The film concludes with Helen once more finding her way back to Cabrini-Green, fulfilling Candyman’s request. Submitting to her fate with the knowledge that by doing so she will save Anne-Marie’s baby from an equally terrible demise. And despite Candyman’s attempts to renege on his agreement to spare the infant child, Helen does indeed rescue the baby from the large bonfire outside of Cabrini-Green, emerging from the flames as a charred husk, raising the baby to his mother. It’s an offer of restitution to some, perhaps, or maybe the sort of sacrifice that so many might claim to be willing to make but to which so few would ever commit.
The film left me with that legend, evolved and informed. One where Helen’s name might be muttered sacredly into the mirror, the other side of which might lead anywhere, be connected to anything, resulting in the appearance of a different kind of malevolent spirit. One that doesn’t haunt the graffitied hallways of the projects, but the plaster spaces of the condominiums eight blocks away. One that bridges the gap between hero and villain, a savior to some, a destroyer to others. A complicated folktale that gains resonance, traction and influence with each person who whispers it to their roommate’s boyfriend’s friend.

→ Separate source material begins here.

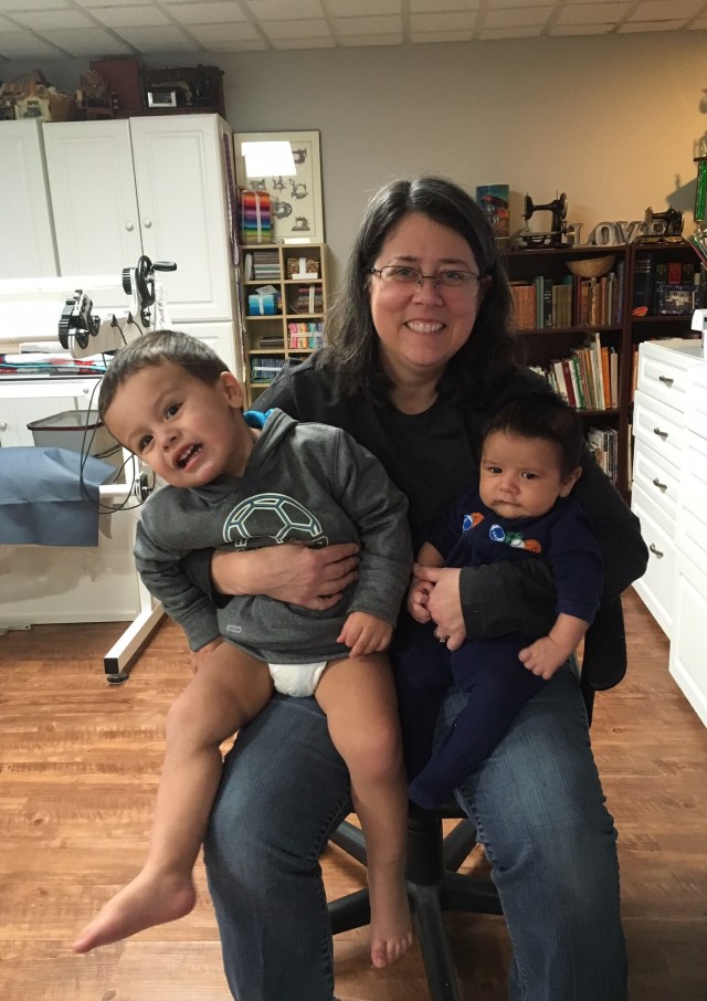 Your babies are adorable!! Thanks for sharing the Block Lock ruler. I have never seen that one before. As if I need another ruler (Yes! Yes, I DO!!). I like the blocks you’re doing for the donation quilt. Have you thought of alternating the direction of every other block to create X’s out of four blocks? You could do them by color, too, if your stack of squares permits. Like four different yellow prints together, four different purples together for another X. Just an idea.

It was dark outside as the film concluded, the room having grown pitch black over the runtime. It took a moment or two for my friend or I to stand up and flip on the lights. It wasn’t fear I was lost in, but thought. The movie had scared me at times, certainly, but that was only a fraction of its legacy. This was a film, like any of the great movies, that would hover in my brain for years to come, evolving and revealing itself over time, much like the folklore the narrative was so concerned with exploring.
Candyman was very different from Scream. At first, I didn’t quite know how to feel about it. But, as I sat there considering all of the things the movie had made me feel, made me think about— Hell, the very nature of the city in which I lived— I realized that horror was a genre that I might be interested in. Being uncomfortable, I realized, may well be a good thing when trying to digest and understand uncomfortable ideas.
And, as the lights came on and I saw the look on my friend’s face, the inquisitive smile practically begging me to reveal whether the movie had sent me running from the genre or served to further entice my burgeoning curiosity, I returned the grin tentatively. Finally, after a moment of consideration, I responded, this time with only a hint of trepidation, “So, what’s next?”
The city is a place of preoccupation which, on the outset, seems to beget purpose. Like the hive-minded creatures which exist solely to serve the whole, the many thousands of bustling individuals all living, breathing and making their lives there move in tandem with one another. And yet, unlike the bees of the hive, they go about their days with no small degree of obliviousness to the needs of those doing the same thing right beside them. The harmony of the hive is absent, the city breeding dissonance in its place: social disparities, emotional inequities and the cultural aversion to facing the truth that such matters represent.
But that’s the importance of stories. Myths. Legends. Those things which can bridge the socioeconomic gaps and bring to light the injustices others might ignore and continue to go on ignoring. We’re no hive, but we do have minds, and it’s stories like Candyman that can send them reeling— for better, for worse and everything in between.